Voilà, chers amis, le certain de ce que j’ai ou n’ai pas accompli en quarante années de carrière bordelaise. Mais au-delà de l’objectif, il y a le subjectif, et je vous saurais gré maintenant de bien vouloir me permettre de laisser aller mon imagination vers ce qu’en rêve peut-être je m’imagine avoir apporté, spécialement dans le domaine de la recherche.
II. Ce que j’imagine (ou m’imagine) avoir fait
S’agissant de recherche collective, d’abord, c’est du Séminaire DECTA III qu’il me faut parler. Je l’avais fondé peu après mon arrivée à Bordeaux, et il a sombré douze ans plus tard, au début de 1990, dans des circonstances que nous préférerons aujourd’hui avoir oubliées. DECTA signifie Dynamique Economique et Techniques Avancées. C’était le nom du séminaire du professeur Bernard Ducros à l’Université Paris I, mon université d’origine. Alain Parguez avait fondé DECTA II à l’Université de Besançon où l’avait envoyé l’agrégation, et moi DECTA III à Bordeaux. Je crois pouvoir dire que c’est DECTA III qui eut finalement le plus grand rayonnement
A Bordeaux, DECTA III a été des années durant un forum de discussion chaque fois autour d’un texte commandé spécialement pour la séance à un chercheur bordelais ou, dans un cas sur deux, extérieur à notre Université. Chaque année le séminaire portait sur un thème choisi par le directeur scientifique. Il y eut, par exemple, le thème de « la capacité d’endettement international » inspiré par la grande crise internationale d’endettement qui avait éclaté en 1982. Le directeur scientifique de l’année (il changeait en principe chaque année) subdivisait le thème choisi en une douzaine de sujets proposés à des conférenciers qui devaient donc produire un texte original et en aucun cas servir un texte déjà présenté ailleurs. En fin d’année, l’ensemble des textes et le résumé des discussions consécutives étaient réunis dans un volume de la Collection des Travaux du Séminaire DECTA III, tiré à une centaine d’exemplaires et diffusé auprès de nombreux centres à Bordeaux et hors Bordeaux. Souvent ces volumes étaient repris, retravaillés en vue d’une publication plus large. Il y eut ainsi, issus du Séminaire DECTA III, cinq numéros spéciaux de revues et deux ouvrages collectifs publiés chez Dunod, l’un sous ma direction, l’autre sous celle de Michel Zerbato.

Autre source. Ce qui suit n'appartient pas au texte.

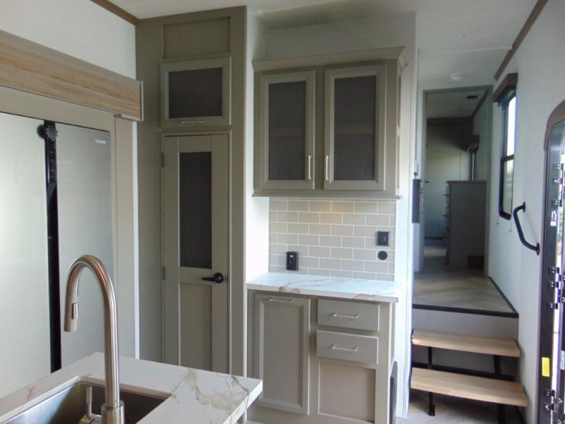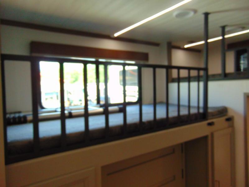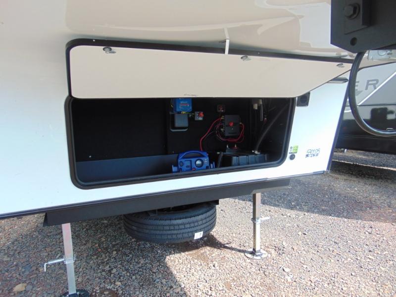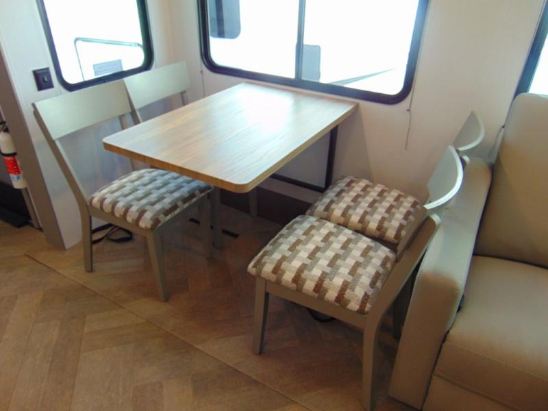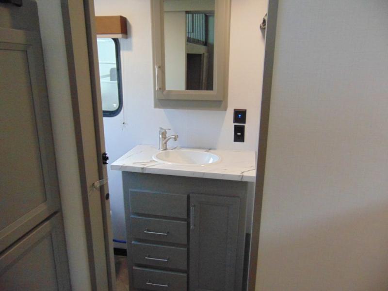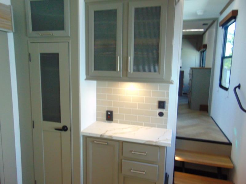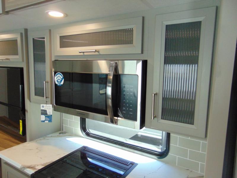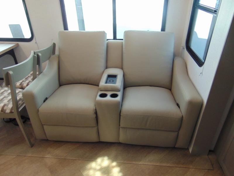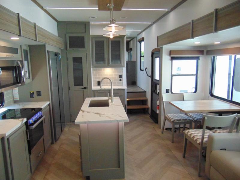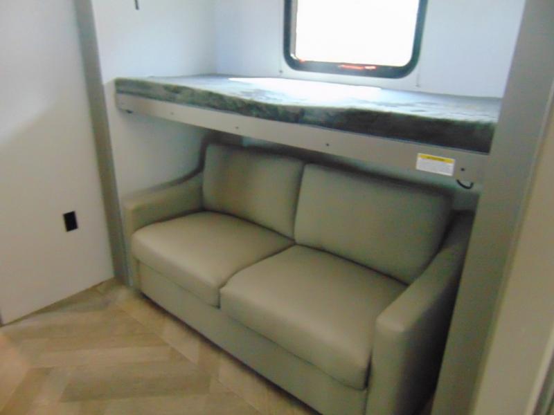 A great family bunkhouse fifth wheel featuring quad slides that really open this entire unit up to provide spacious living throughout. A booth dinette or optional free standing dinette is great for meals, and full reclining theater seating with massage, lights, and USB connectivity make movie night a real treat! The kids will love the rear bunkhouse with a separate bath and private entry for easy access when outside. There is even a loft area above for storage, so they can bring a few friends along as well. The kitchen has all of the features needed to allow you to cook and entertain when you want with a three burner range including a glass top, a 16 cu. ft. 12 volt refrigerator, pantry, hutch for dishes and things, plus a solid surface countertop on the center island that houses your sink. In the bedroom, a king bed slides out to offer more floor space to move about, plus you will find ample storage in the front wardrobe which has also been prepped for a washer and dryer if you choose to add. You can also add a TV in the bedroom since it has been prepped for one as well. And let's not forget the outside two burner cooktop and refrigerator!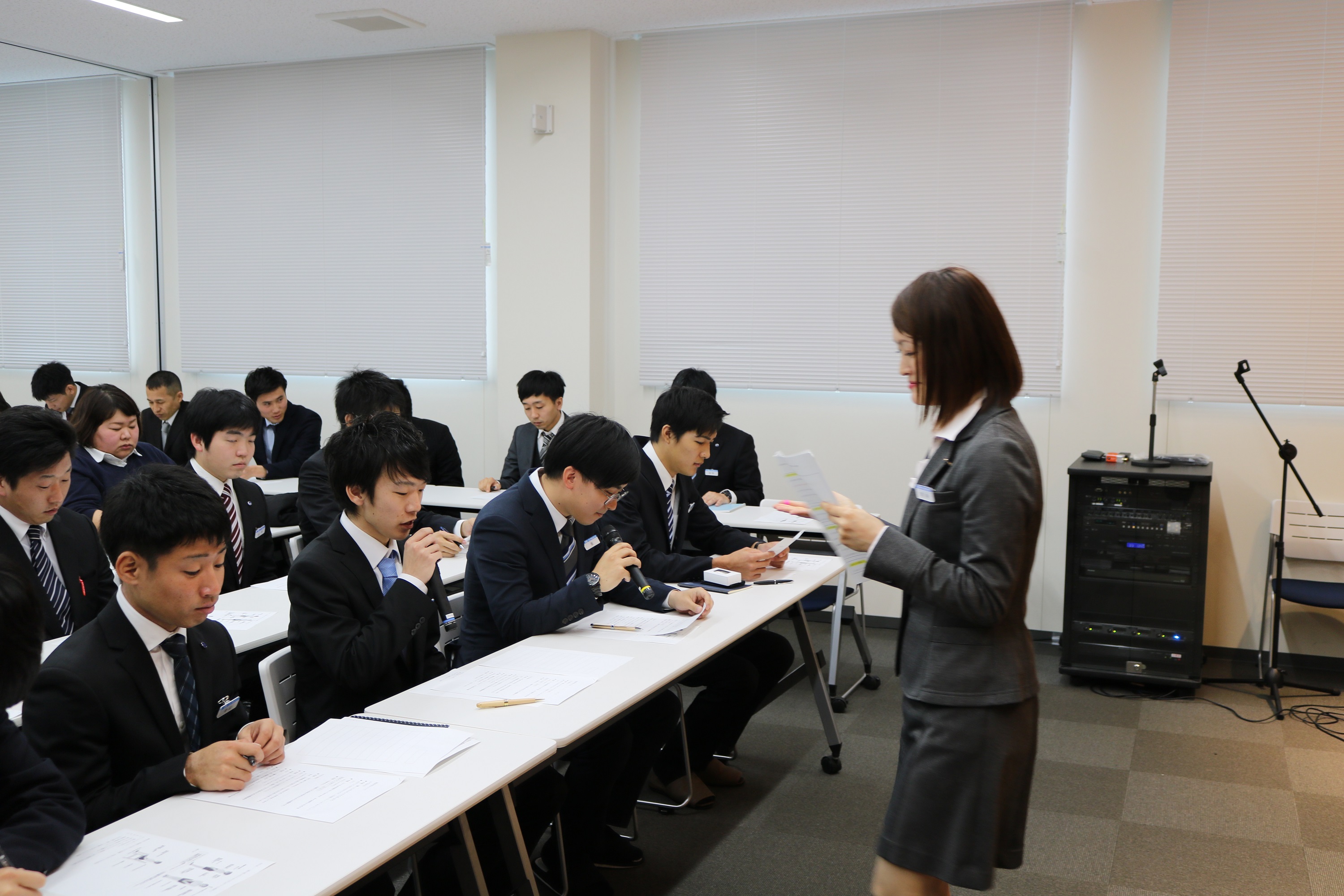 平成31年4月1日に、本社1階研修室にて、毎年恒例となったビジネスマナー講習を開催しました。今回の講師は昨年度に引き続き総務課 明神が担当いたしました。講習には、新入社員や見学学生を含む70名あまりが参加し、基本的な電話応対の仕方から応用まで事例を踏まえながら学びました。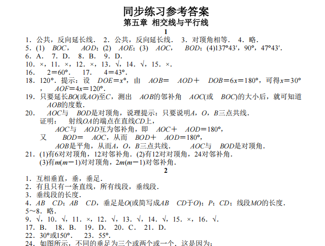 【初中数学】七年级下全册同步练习答案(人教版)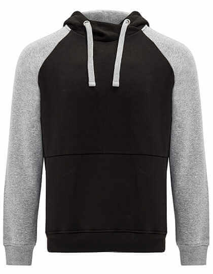 Zweifarbiges Unisex-Sweatshirt | Kapuze mit gekreuztem Kragen und Metallösen | Kapuze mit Single-Jersey-Futter | Kordelzug und Raglanärmel in Kontrastfarbe | Kängurutasche | 1x1-Rippstrick mit Elasthanbündchen an Ärmeln und Saum | Gekämmte Innenverarbeitung | Abreißetikett

Concernant mes travaux personnels, je me garderais bien de trop m’étendre, rien n’étant plus monotone qu’une liste de travaux à l’instar de la liste de ses mises en scène que nous assène le metteur en scène quand nous allons au théâtre.
Nonobstant ma découverte du circuit keynésien, je résumerai mes trouvailles à trois ou quatre « pépites » que j’appellerai : la similitude des conditions de crise keynésienne et marxiste (leur stricte équivalence ayant été montrée non par moi-même mais par l’un de mes anciens plus brillants doctorants, Joseph Vespa) ; le passage du circuit brut de la Théorie générale au circuit de base, préfiguration du Tableau Economique d’Ensemble de la comptabilité nationale ; l’invariance de la condition keynésienne de crise expliquant pourquoi Keynes a pu concevoir toute sa Théorie générale en économie fermée sans perte de … généralité ; et enfin le temps de circuit, expression du célèbre court terme keynésien. C’est à ce dernier seulement que je voudrais ici consacrer quelques réflexions.
Je me rappelle très bien les circonstances qui m’ont conduit à la découverte du temps de circuit. C’était au début de 1976. J’avais 28 ans. Je terminais ma thèse d’économie. J’avais la tête encore pleine des enseignements, quelques années auparavant à l’Université Paris VI, des professeurs Neveu et Geffroy sur les processus aléatoires. Je ne sais plus par quelle association d’idées — « sérendipité », eût dit Michel Serres qui a remis ce vieux mot en circulation — la pensée m’est venue de traiter la propension keynésienne à consommer, coefficient compris entre 0 et 1, comme une probabilité, ce qui m’a amené à découvrir et développer, en quelques heures d’une incroyable fébrilité, le multiplicateur probabiliste. Le lendemain, je faisais part de ma découverte à mon patron, Jean Marchal. Il a applaudi des deux mains. La fièvre l’a gagné à son tour. Nous avons écrit l’article ensemble. Je lui apportais la découverte, il m’ouvrait les portes de la Revue Economique qui publiait en mars 1976 notre article. Il allait avoir un certain retentissement et retenir l’attention notamment de Gérard Maarek, alors à la Banque de France, qui a engagé avec nous une controverse que publiait également la Revue Economique l’année suivante.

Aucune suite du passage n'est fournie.